Chainsaw all three. Bulldoze it all flat. Leave only stumps flush with the ground. Then let them all grow back at their own pace. When the new redwoods and bristlecones are considerably older than the ancient ones we have now, the blackbrush may still not be more than about halfway recovered.
It’s a blackbrush forest out there, and it grows inconsequential, short-lived Joshua trees out of it here and there, ephemeral companions, banacles on a whale. Though individual blackbrush plants in a stand may not be particularly old, a solid stand of blackbrush is an astonishingly ancient community.
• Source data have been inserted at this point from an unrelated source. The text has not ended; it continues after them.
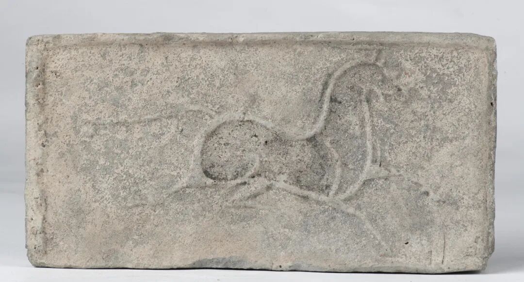 同类画像砖共藏有两块,砖上麒麟图造型大致相同,左右相对,置于墓壁两侧。所绘麒麟身披羽状鳞甲,兽首上扬,头顶剑状独角,与双耳呈“山”字形;怒目暴睛,张口嘶啸,身体屈作“S”状。四肢做奔跑状,爪趾尖锐突出,长尾中部绘两附尾,呈三叉状。《左传》杜预注曰:“麟者仁兽,圣王之嘉瑞也。”《尔雅·释兽》曰:“麋身,牛尾,一角。”儒者以其为仁兽。麒麟作为瑞兽,因其驱邪镇煞的特质,也经常出现在墓葬文化当中,用来保护墓主人之灵不受邪祟侵扰。
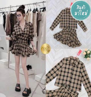Set เสื้อเชิ้ตแขนยาวกับกระโปรงสั้น เนื้อผ้าลายสก็อตสีน้ำตาลดำ
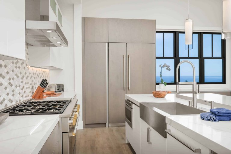 - Kitchen with high-end appliances and seating for 10
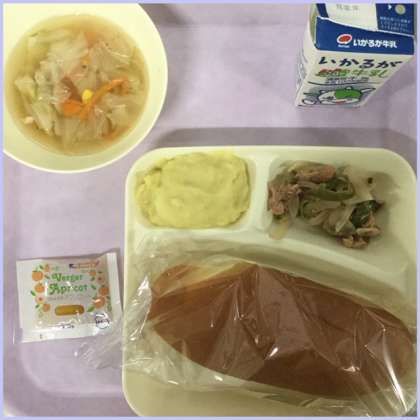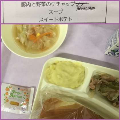 本日の献立は、豚肉と野菜のケチャップ風味焼き、スープ、スイートポテト、アプリコットジャムです。

This is how Webb, Steiger and Turner said it:
“Time span for [vegetative] recovery may be longer than past periods of climatic and geomorphic stability.”
They’re talking geological epochs here. They’re talking the blackbrush community beginning when there were standing lakes in the Mojave with sabertooth cats and ground sloths drinking out of them.
And we see it as less valuable than a few megawatts of power to run our swimming pool filters.